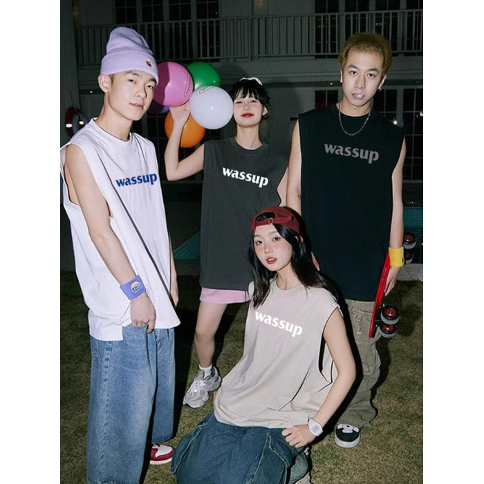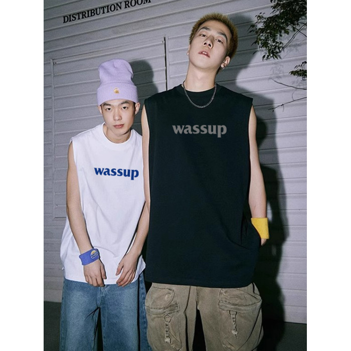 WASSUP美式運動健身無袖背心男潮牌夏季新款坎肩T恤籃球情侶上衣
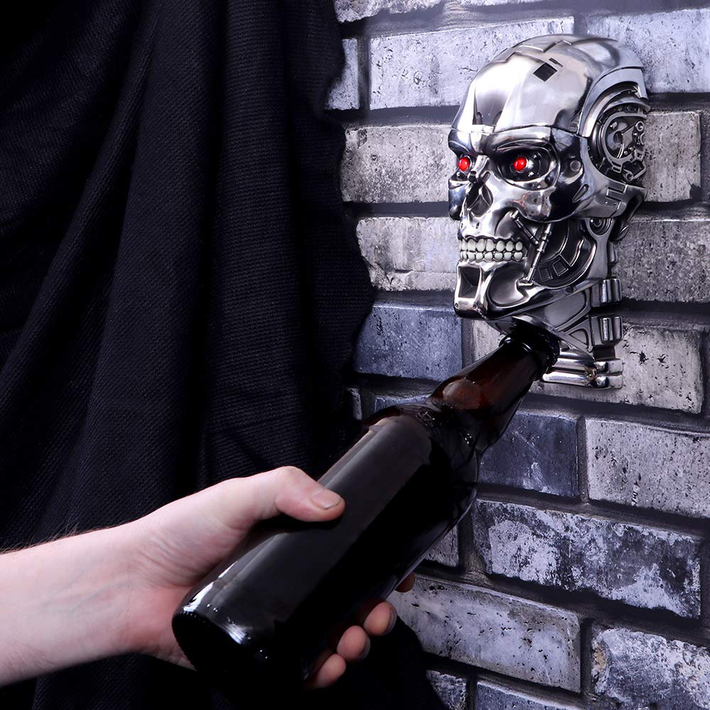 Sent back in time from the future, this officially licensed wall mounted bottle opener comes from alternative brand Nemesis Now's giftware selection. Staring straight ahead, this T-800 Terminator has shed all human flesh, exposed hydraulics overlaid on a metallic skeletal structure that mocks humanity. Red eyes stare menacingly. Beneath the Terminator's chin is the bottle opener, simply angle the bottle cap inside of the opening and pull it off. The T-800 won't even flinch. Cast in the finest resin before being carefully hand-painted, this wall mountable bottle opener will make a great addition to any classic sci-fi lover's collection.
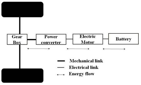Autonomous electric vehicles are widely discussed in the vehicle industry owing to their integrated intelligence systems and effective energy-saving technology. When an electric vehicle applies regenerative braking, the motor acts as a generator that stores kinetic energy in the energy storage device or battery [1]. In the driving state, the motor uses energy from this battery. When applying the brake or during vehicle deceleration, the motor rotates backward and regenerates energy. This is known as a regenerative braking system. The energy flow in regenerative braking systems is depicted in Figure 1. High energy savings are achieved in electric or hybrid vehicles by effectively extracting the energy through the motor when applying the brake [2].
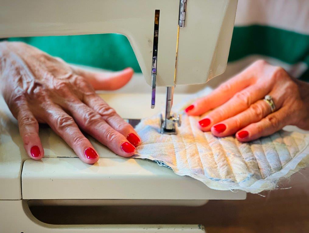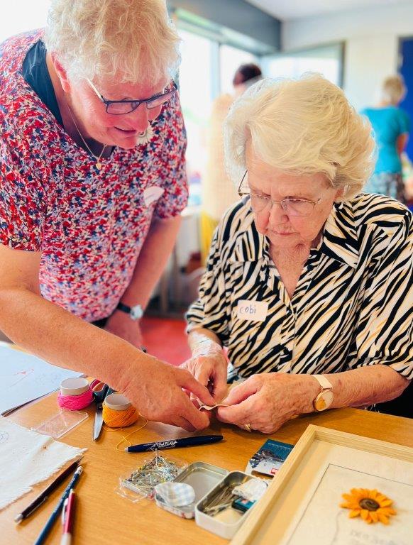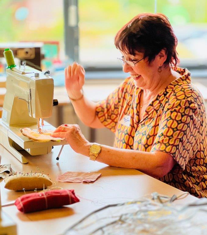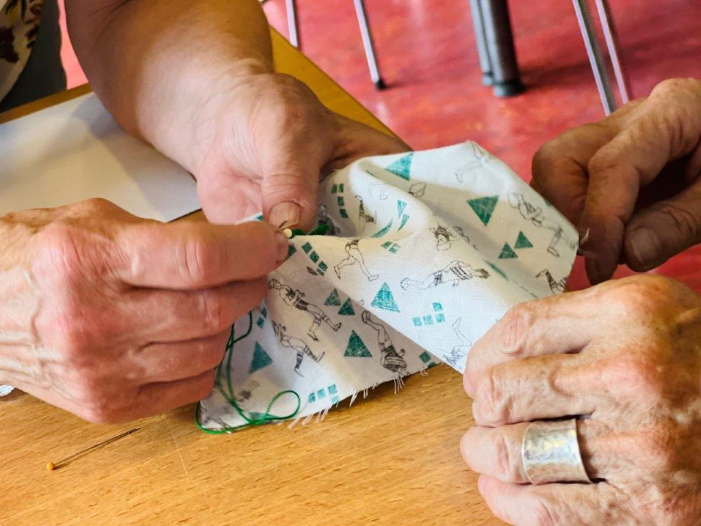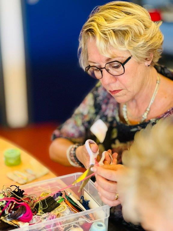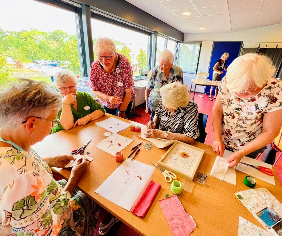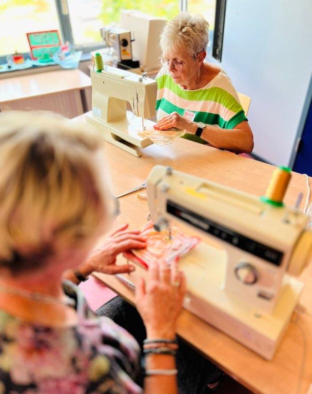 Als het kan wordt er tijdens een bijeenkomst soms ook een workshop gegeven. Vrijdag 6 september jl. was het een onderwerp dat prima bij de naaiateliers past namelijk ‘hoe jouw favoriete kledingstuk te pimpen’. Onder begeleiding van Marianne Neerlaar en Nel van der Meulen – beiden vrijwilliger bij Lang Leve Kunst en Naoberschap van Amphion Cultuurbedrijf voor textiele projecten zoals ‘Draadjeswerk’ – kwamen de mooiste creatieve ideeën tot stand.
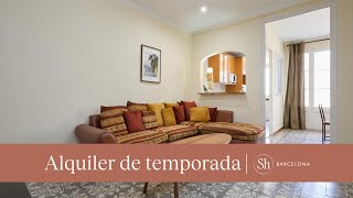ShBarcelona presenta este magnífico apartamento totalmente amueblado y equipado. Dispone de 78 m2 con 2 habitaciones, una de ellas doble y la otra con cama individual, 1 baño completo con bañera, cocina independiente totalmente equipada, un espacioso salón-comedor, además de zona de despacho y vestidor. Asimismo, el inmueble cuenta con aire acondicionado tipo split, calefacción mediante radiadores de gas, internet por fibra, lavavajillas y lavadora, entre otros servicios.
####
Extract the lines exactly, please: the first line of the listing, the line with "Sent back in", and every line between them, but no pictures.

 WASSUP美式運動健身無袖背心男潮牌夏季新款坎肩T恤籃球情侶上衣
 Sent back in time from the future, this officially licensed wall mounted bottle opener comes from alternative brand Nemesis Now's giftware selection. Staring straight ahead, this T-800 Terminator has shed all human flesh, exposed hydraulics overlaid on a metallic skeletal structure that mocks humanity. Red eyes stare menacingly. Beneath the Terminator's chin is the bottle opener, simply angle the bottle cap inside of the opening and pull it off. The T-800 won't even flinch. Cast in the finest resin before being carefully hand-painted, this wall mountable bottle opener will make a great addition to any classic sci-fi lover's collection.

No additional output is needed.